Recently published in Nature Electronics, the study describes "brain-inspired computing hardware" that aims to emulate the structure and working principles of the human brain. Brainoware has the potential for processing, learning, and even remembering information, the researchers say, and could provide a solution to address limitations in current artificial intelligence technologies.
While AI algorithms running on silicon chips are extremely efficient (and effective) in dealing with large datasets, they cannot rival the human brain's ability to process complex information while consuming very little energy. The brain organoids in Brainoware are actual brain cells that can send and receive information encoded through electrical signals, according to Guo.
When the researchers applied electrical stimulation to Brainoware, the hybrid bio-chip setup responded to those signals. The neural network the system was attached to also showed changes, suggesting that the system was indeed able to process information and maybe even perform computing tasks "without supervision."
The researchers tested Brainoware's alleged capabilities with speech recognition tasks, using 240 sound clips recorded by eight people pronouncing Japanese vowels. The clips were converted into electrical signals and then fed to Brainoware, which generated an electrical response that was subsequently fed to the AI tool for decoding.

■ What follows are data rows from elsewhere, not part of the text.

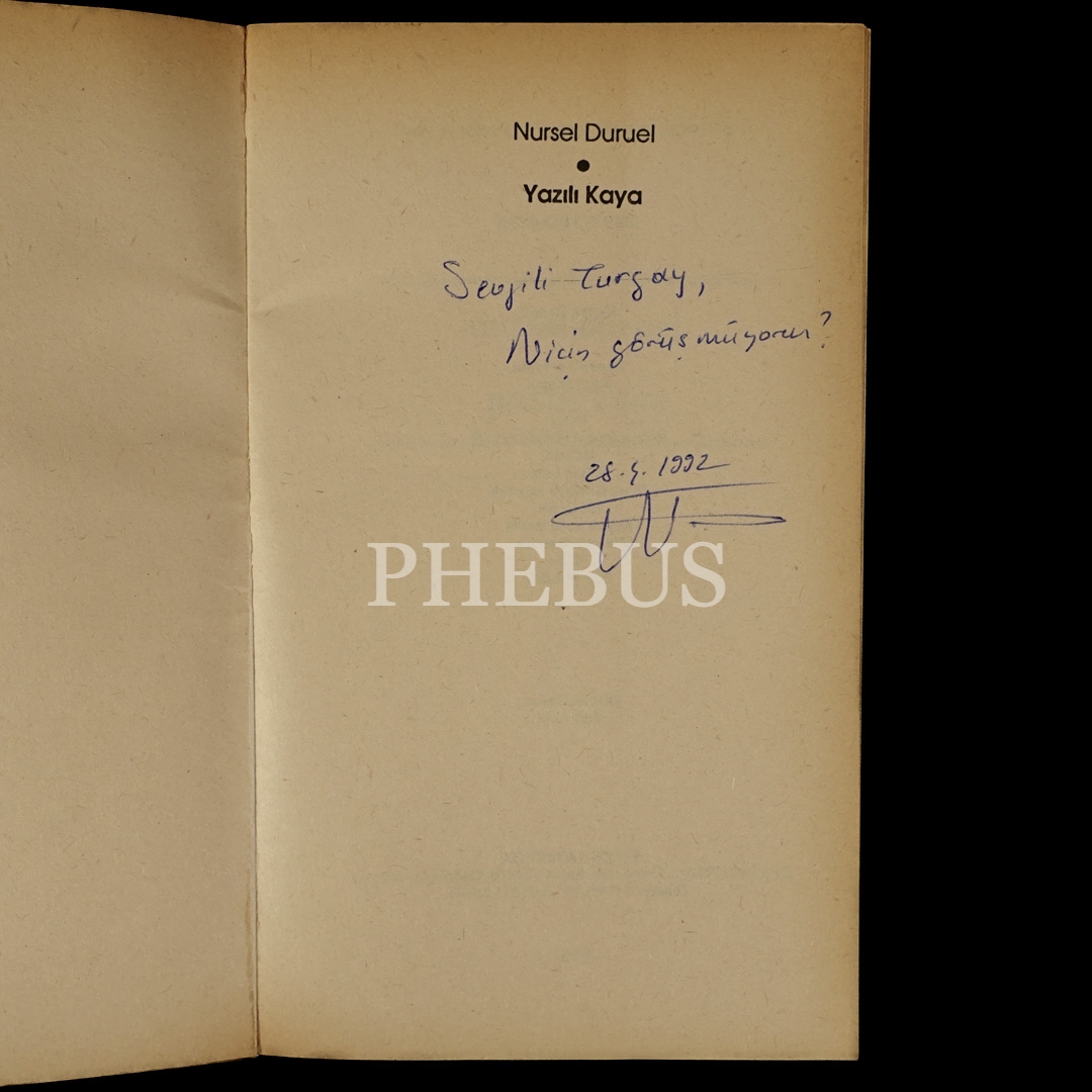 YAZILI KAYA, Nursel Duruel, 1992, Telos Yayıncılık, 79 sayfa, 12x20 cm...
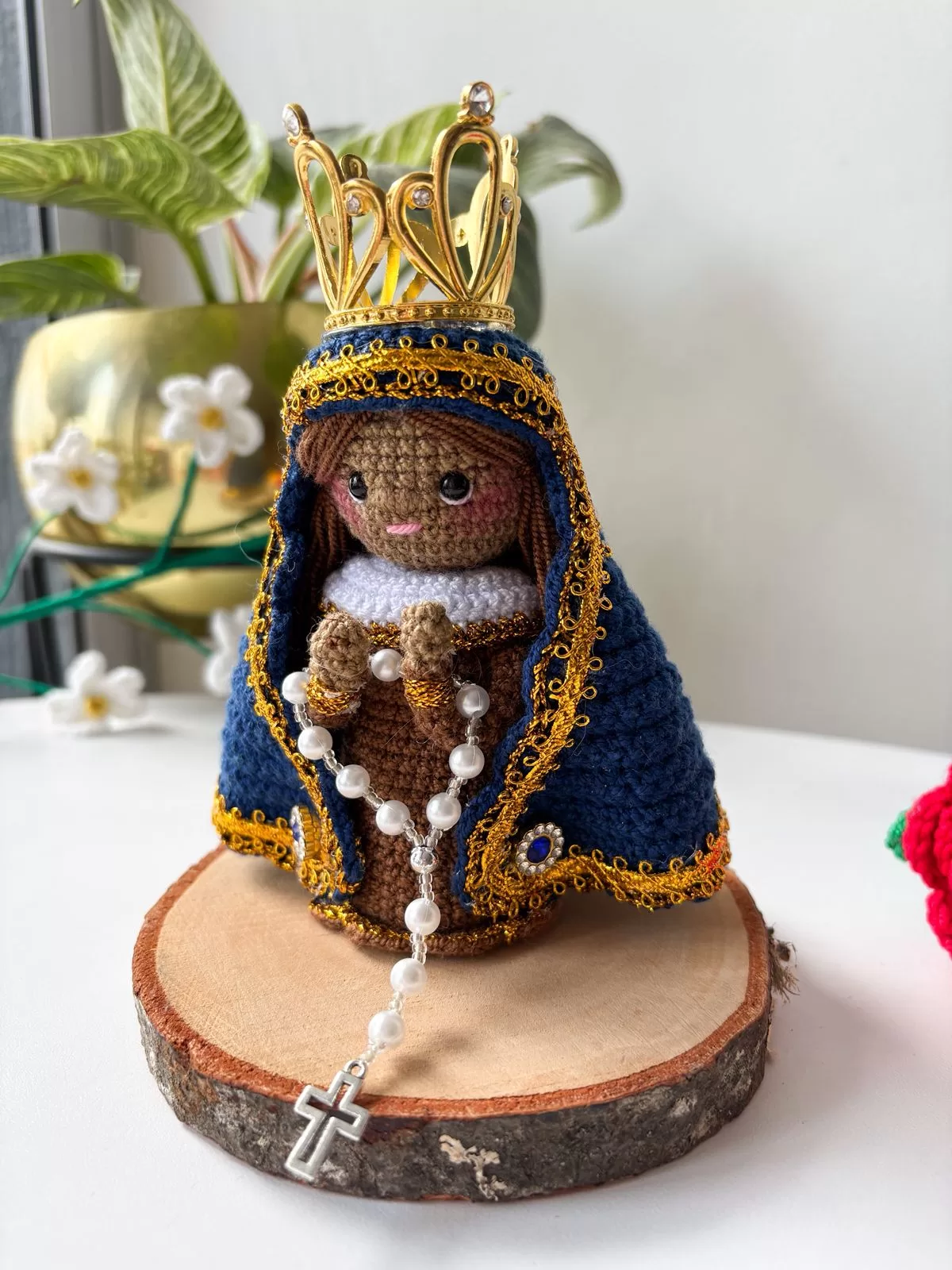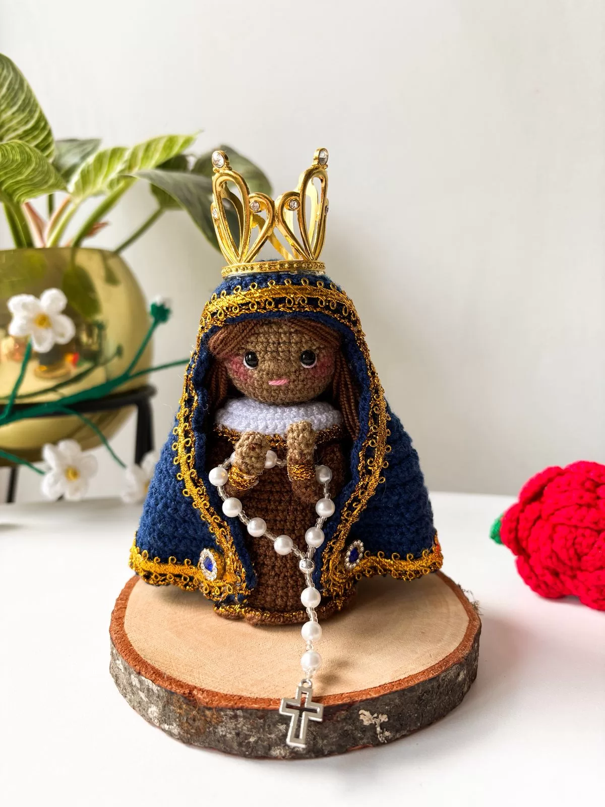 Lleva a tu hogar la paz infinita de la Virgen Morenita. Esta hermosa pieza tejida 100% a mano resalta por su preciosa tez, la delicadeza de su rostro y su hermoso cabello finamente elaborado, cuidando cada detalle para transmitir amor y devoción. Es una compañía sagrada y cercana, perfecta para bendecir tu espacio o para dar un regalo que abrace el alma.
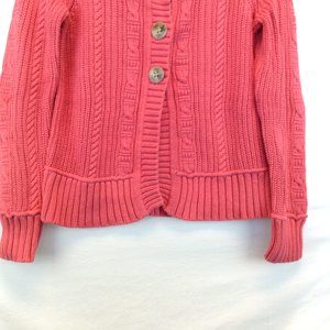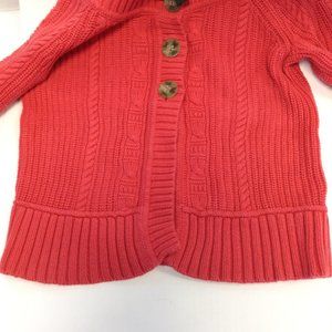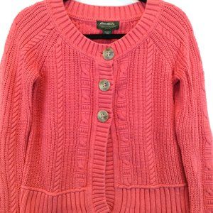 Eddie Bauer Coral Pink 3 Button Cropped Chunky Cable Knit Cardigan Sweater

The brain organoid-AI setup was ultimately able to decode the signals from audio recordings, according to Guo, but the form of speech recognition provided by the tech had a '"very low" accuracy level. Accuracy improved up to 87 percent with further training sessions, but it was still less accurate than actual, fully digital artificial neural networks.
Some researchers have expressed doubts about the results described in the new study. Lena Smirnova, an assistant professor of public health at Johns Hopkins University, stated that brain organoids have no way to actually "hear" speech; they can only exhibit a reaction to electrical stimulation. Furthermore, the study did not demonstrate whether and how Brainoware could process and store information over the long term or learn multiple tasks.